Protests Intensify as Turkish Police Crack Down on Demonstrators ━ The European Conservative


The massive protests in Turkey show no signs of dying down a week after the arrest of the main opposition leader, Ekrem İmamoğlu.

Anti-government demonstrations have been a daily occurrence in Turkey’s largest cities.

Protesters took to the streets again on Wednesday night, and students marched in the capital, Ankara on Thursday morning, March 27th, only to be met by the police who used pepper spray, plastic pellets, and water cannons to disperse them.

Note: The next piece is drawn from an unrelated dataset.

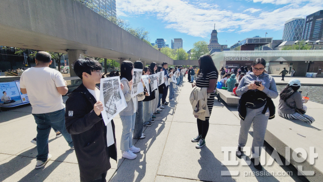 ▲'책으로 세계'로 프로그램에 참여한 광주 학생 20여명이 캐나다 토론토 중심가 네이선필립스광장에서 5·18민주화 운동 당시의 사진과 설명이 담긴 용지를 들고 있다.ⓒ광주시교육청 |

Authorities have arrested more than 1,400 people so far in what have been labelled as the largest demonstrations against President Recep Tayyip Erdoğan for more than a decade.

The main opposition Republican People’s Party (CHP) said their next major gathering is planned for Saturday.

The party’s contender for the presidential elections in 2028, Istanbul Mayor Ekrem İmamoğlu, was arrested last Wednesday on charges of corruption and links to the Kurdistan Workers’ Party (PKK), a group classified as a terrorist organisation by Turkey and its allies. He has been interrogated, jailed, and stripped of his mayoralty as a result of the investigation.

Justice Minister Yılmaz Tunç said on Thursday that the arrest was based on criminal reports and the gravity of allegations against him, and was not linked to the timing of the CHP’s selection of İmamoğlu on Sunday as its presidential candidate.

Recep Tayyip Erdoğan, who has ruled Turkey since 2003—first as prime minister and then as president—has called the protests a “provocation” by the opposition “to disturb the peace of the nation and polarise our people.”

But the opposition sees the arrest as an attempt by the government to get rid of its main political rival.

The evidence against İmamoğlu has not been officially disclosed. Many Turkish media outlets have reported that it is largely based on “secret witnesses.” The use of such testimony has been seen in previous criminal cases against opposition politicians.

CHP leader Özgür Özel said on Wednesday that the crackdown would only strengthen the protest movement. “Our numbers won’t decrease with the detentions and arrests. We will grow and grow!” he warned.

Istanbul’s opposition-run city council on Wednesday elected an interim mayor, Nuri Aslan, to prevent the government from appointing a trustee to run the city, as it has done in several other cities.

The CHP also plans to convene an extraordinary congress on April 6th to prevent authorities from appointing a trustee to run the party after prosecutors launched a probe into alleged irregularities around its last congress in 2023.